Moreover, since a user is logged in the information coming from the Google Reader can be leveraged to sell the ads during the web search or in other products by Google. If the user reads about some specific sport champion in the RSS feeds and then goes to the web search looking for a pair of shoes, one of the options is to show the ads from the sponsor of the sport(wo)man. in this way, the user would be more prone in clicking the ads of a brand that is related to something that he already knows.

This last point is not sci-fi and it can be achieved creating an ontology relating people to products/brands like: Torres ⇒ Chelsea FC ⇒ Samsung. All these pieces of information are already available on the web and they just need to be composed and cleaned maybe using as a base cleaner datasets such as Wikipedia. Even simpler associations could be made using more direct knowledge of the things already seen: if the user is reading some news about Apple, why not proposing when looking for a laptop online to buy a MacBook? Such an association can be made easily with a rule of the type "if the ad contains one of the keywords of the articles that the user reads more frequently, boost it" and obtaining a list of such keywords is something that Google knows how to do very well in web search already.

In this case, the problems are more "political" than technical.

The largest part of the information that is consumed on Google Reader are news and news are damn difficult to monetize. There are mainly two reasons why this is damn difficult:

  1. You risk a real tragedy from the PR point of view.
  2. You risk to sell ads on top of someone else's business.

For the first one, let's imagine that the user is reading an article about the massacre at in Aurora, Colorado, at the theater where the latest Batman movie was projected. Let's imagine that the ads in Google Reader are related to "Buy a house in Aurora" or "Buy Batman movies" or "Visit Colorado". You probably got it yourself now and you can try to imagine all the possible inappropriate advertisements related to the latest news that you read online or on a newspaper today.

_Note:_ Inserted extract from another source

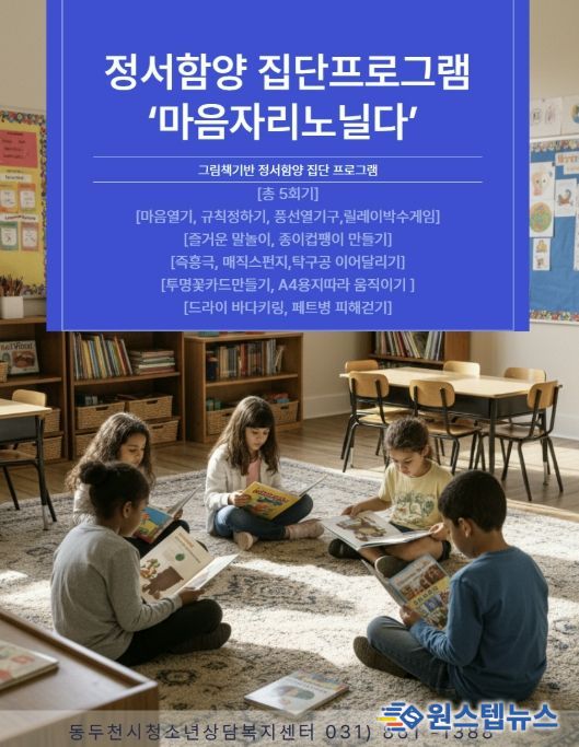 원스텝뉴스 이병희 기자 | 동두천시청소년상담복지센터는 지역 내 초등학교와 연계해 2026년 4월부터 11월까지 아동과 청소년을 대상으로 한 그림책 기반 정서발달 집단 프로그램을 운영한다.

For the second one, if you go to any newspaper online, you can find that they have ads on their pages. Makes sense: they produce the content and they have to monetize that and they can cherry pick what not to monetize in order not to fall into the case above. The problem is that every time that a user uses Google Reader and reads an article on the page, there is a certain probability that he will not go to the page of the newspaper. This is upsetting enough for a newspaper but it would be even more if Google would get their money as well.

These are the reason why, if I would be Google, I would not place ads on Google News either.

The motivation of point two is also a good explanation why newspapers usually provide only a short description of the article and (almost) never the full text. If they would offer that all in the feed, people would not need anymore to go to the newspaper page and so they would self-reduce the chance of having their ads clicked. Google Reader could potentially expand the information in the feed with the full page in order provide the complete content to the users but they already have some issues with the newspapers and probably they do not want to get that worse (for instance see here).

That's all for now. If something else will arrive into my mind, I will share.